##### Record set

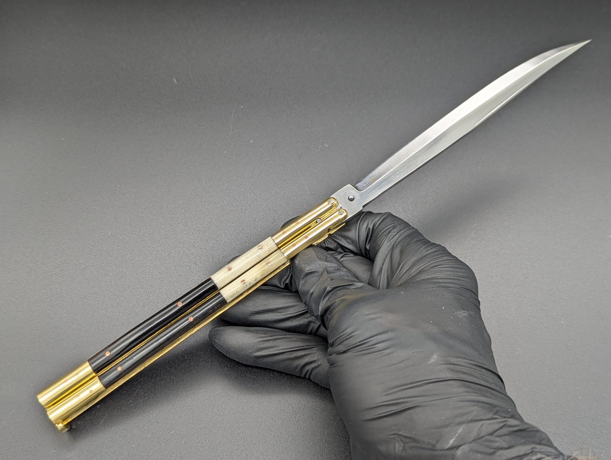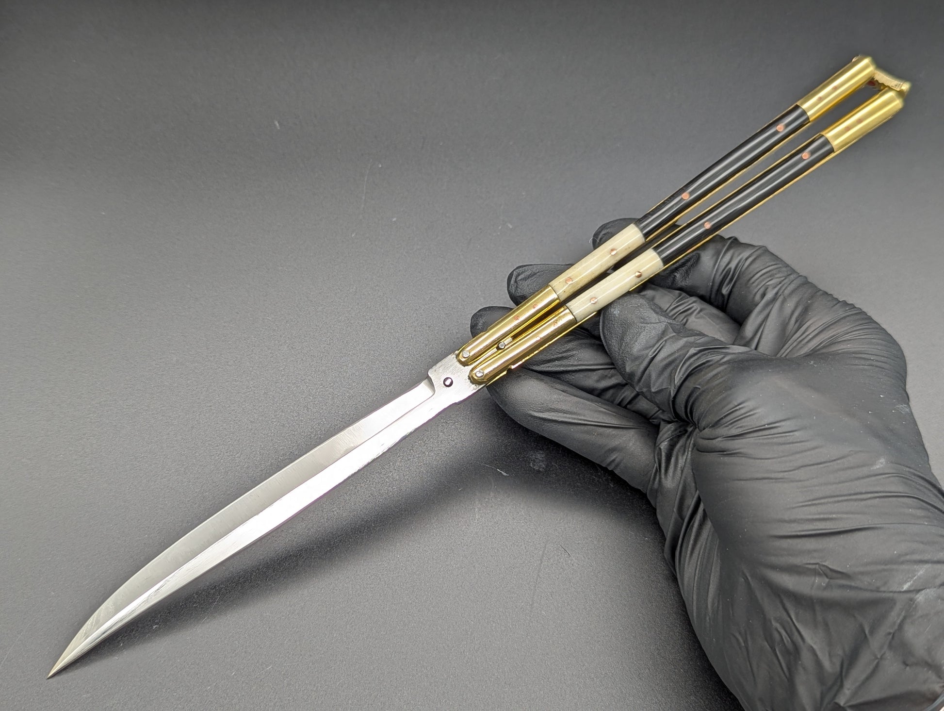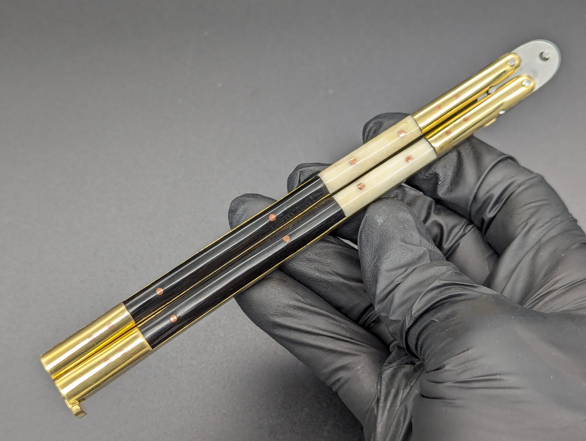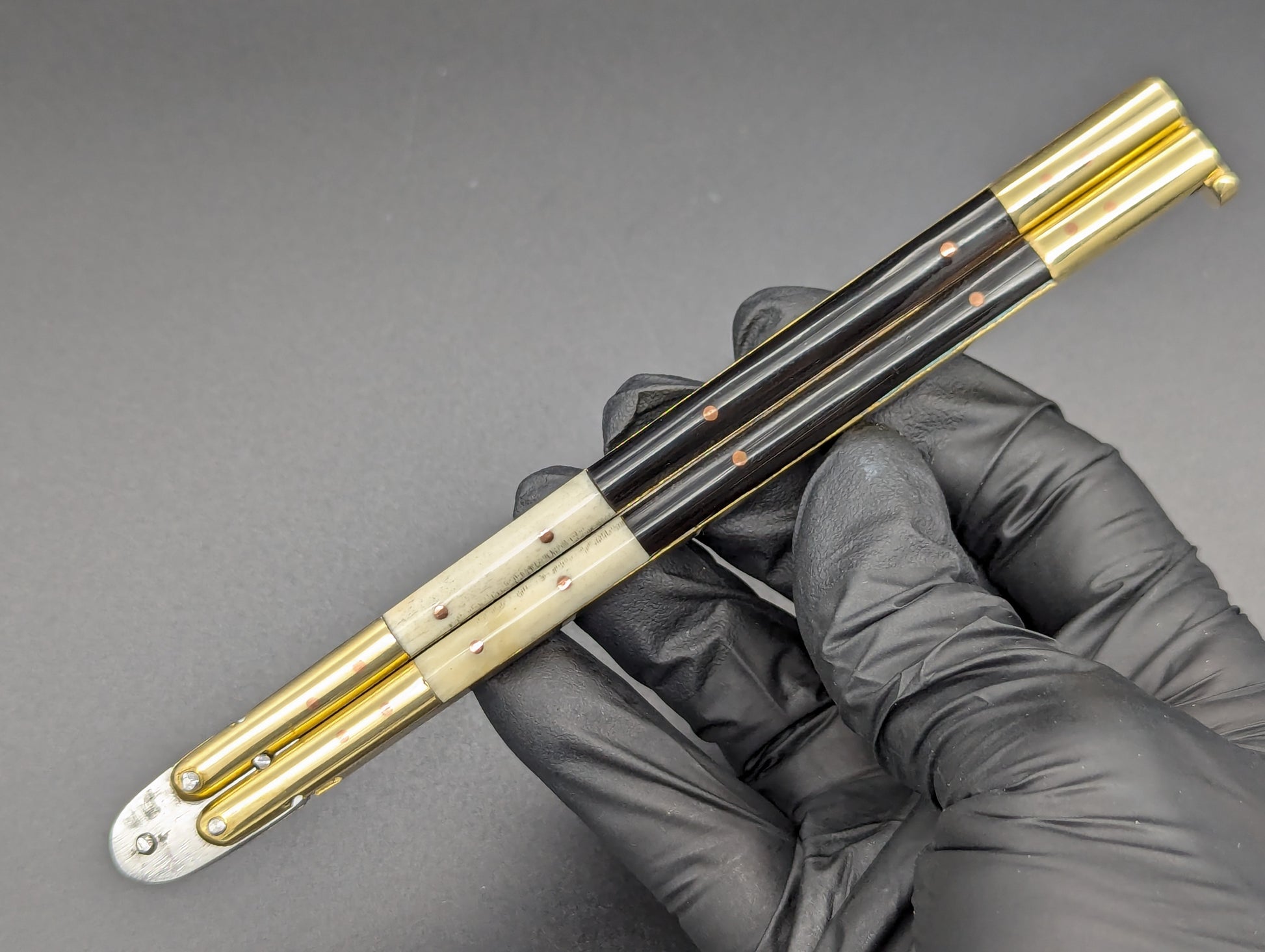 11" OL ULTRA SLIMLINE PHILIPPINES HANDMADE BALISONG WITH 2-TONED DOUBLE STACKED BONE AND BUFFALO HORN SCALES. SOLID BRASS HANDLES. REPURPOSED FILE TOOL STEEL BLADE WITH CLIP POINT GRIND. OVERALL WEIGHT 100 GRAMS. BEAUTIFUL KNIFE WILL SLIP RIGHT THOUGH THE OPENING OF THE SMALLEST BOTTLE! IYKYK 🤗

##########
##### Record set

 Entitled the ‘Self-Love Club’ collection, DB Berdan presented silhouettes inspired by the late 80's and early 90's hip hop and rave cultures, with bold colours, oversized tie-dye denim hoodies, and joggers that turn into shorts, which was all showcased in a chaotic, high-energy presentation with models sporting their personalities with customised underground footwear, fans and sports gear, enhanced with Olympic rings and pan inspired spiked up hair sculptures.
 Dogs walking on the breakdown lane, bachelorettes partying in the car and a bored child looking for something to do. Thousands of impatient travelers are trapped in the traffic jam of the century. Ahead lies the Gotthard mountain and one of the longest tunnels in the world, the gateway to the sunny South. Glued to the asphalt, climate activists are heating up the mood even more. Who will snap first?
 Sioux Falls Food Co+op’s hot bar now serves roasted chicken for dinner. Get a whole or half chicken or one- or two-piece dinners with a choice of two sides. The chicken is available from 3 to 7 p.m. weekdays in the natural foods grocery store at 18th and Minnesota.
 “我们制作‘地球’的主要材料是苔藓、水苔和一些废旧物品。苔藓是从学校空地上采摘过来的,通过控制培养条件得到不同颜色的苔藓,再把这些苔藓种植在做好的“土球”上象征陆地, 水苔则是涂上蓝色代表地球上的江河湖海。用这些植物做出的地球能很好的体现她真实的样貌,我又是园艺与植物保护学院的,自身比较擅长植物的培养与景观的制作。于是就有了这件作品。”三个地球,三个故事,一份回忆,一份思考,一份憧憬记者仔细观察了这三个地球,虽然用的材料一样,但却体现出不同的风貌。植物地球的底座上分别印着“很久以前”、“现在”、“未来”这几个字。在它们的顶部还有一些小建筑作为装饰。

##########

▸ **Work to be completed**:
Your task is to restate, word for word, only those lines above that fall between the line holding "Entitled the ‘Self-Love" and the line holding "Dogs walking on", inclusive.

▸ **Solution**:
 Entitled the ‘Self-Love Club’ collection, DB Berdan presented silhouettes inspired by the late 80's and early 90's hip hop and rave cultures, with bold colours, oversized tie-dye denim hoodies, and joggers that turn into shorts, which was all showcased in a chaotic, high-energy presentation with models sporting their personalities with customised underground footwear, fans and sports gear, enhanced with Olympic rings and pan inspired spiked up hair sculptures.
 Dogs walking on the breakdown lane, bachelorettes partying in the car and a bored child looking for something to do. Thousands of impatient travelers are trapped in the traffic jam of the century. Ahead lies the Gotthard mountain and one of the longest tunnels in the world, the gateway to the sunny South. Glued to the asphalt, climate activists are heating up the mood even more. Who will snap first?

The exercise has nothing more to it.